The vote was 12-0, with zero Democrats present. Democrats on the committee boycotted the committee vote on Barrett and instead filled their seats in the committee with life-sized posters of people who could be hurt if the Affordable Care Act were to be repealed. Democrats have been saying if Barrett is confirmed, she will be the one to give the deciding vote on repealing the Affordable Care Act.

Images of people who have been helped by the Affordable Care Act (ACA) occupy the seats of Democratic senators boycotting a Senate Judiciary Committee meeting on the nomination of Judge Amy Coney Barrett to be an associate justice of the U.S. Supreme Court on October 22, 2020 on Capitol Hill in Washington, DC. (Photo by Caroline Brehman – Pool/Getty Images)

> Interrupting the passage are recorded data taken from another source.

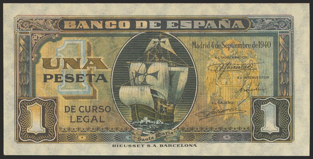 1 peseta. September 4, 1940. Series E. (Edifil 2021: 442a). Original sizing. Uncirculated.
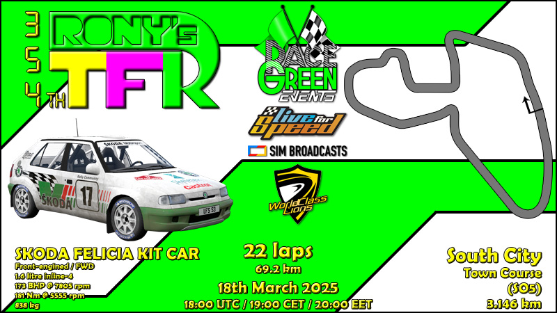 RTFR XL is next on menu and next tuesday it will be quite challenging - a high powered sports car from early 70ies will be run in Aston's configuration with very appropriate name - Historic. The race length is estimated 33 laps,however the lapcount may be adjusted as it depends from polesitter's laptime - full information will be posted this friday. In 2 weeks time normal RTFR will return with one of the street legal cars,as always hints about the combo can be heard during the latest livestream recording.
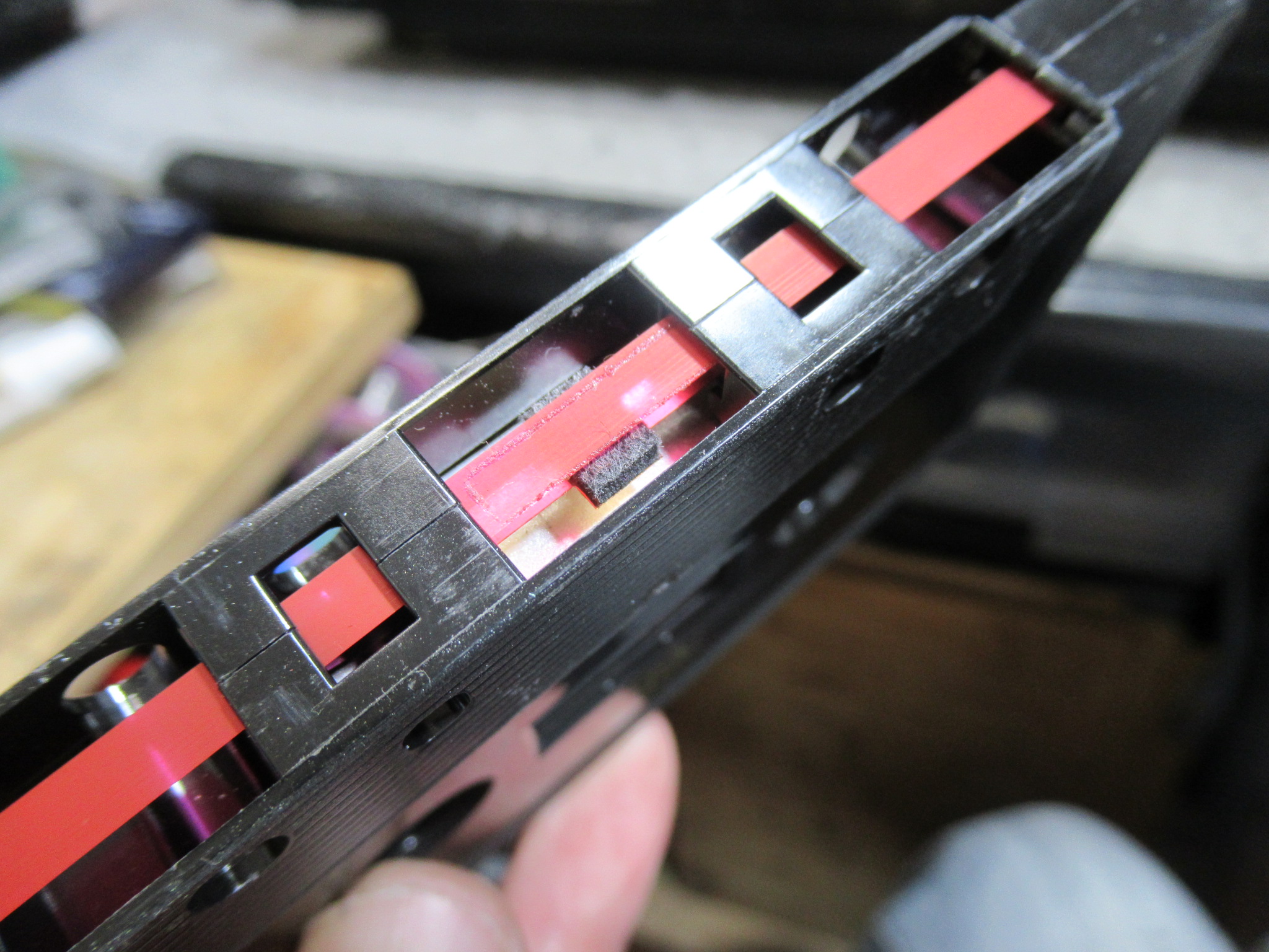 テープの表面を確認すると、何かの汚れが付着していました。これが原因でヘッドに貼り付いたようです。古いテープやミュージックテープはこういったトラブルが起こりやすいので注意が必要です。

In early October, Senate Minority Leader Chuck Schumer said Democrats will not “supply quorum” for votes in the Senate as a way to try and block the confirmation of Barrett before the election. (RELATED: Schumer Says Democrats Will Try To Block Barrett Confirmation By Not Giving Republicans Quorum)

A quorum is the minimum number of members present either in a committee or the entire Senate to hold votes, Fox News reported. The quorum in the Senate is 51 members.

“We will talk about when the actual vote occurs in committee and on the floor. Democrats will not supply the quorum,” Schumer said during the press conference. “Period.” (RELATED: Senate Will Vote To Confirm Amy Coney Barrett October 26, Announces Senate Majority Leader McConnell)

During that press conference, Schumer slammed Republicans for pushing Barrett’s confirmation forward, saying Senate Democrats will do everything they can to prevent Barrett from being confirmed.

Senate Majority Leader Mitch McConnell announced Tuesday that the Senate would vote Oct. 26 to confirm Barrett.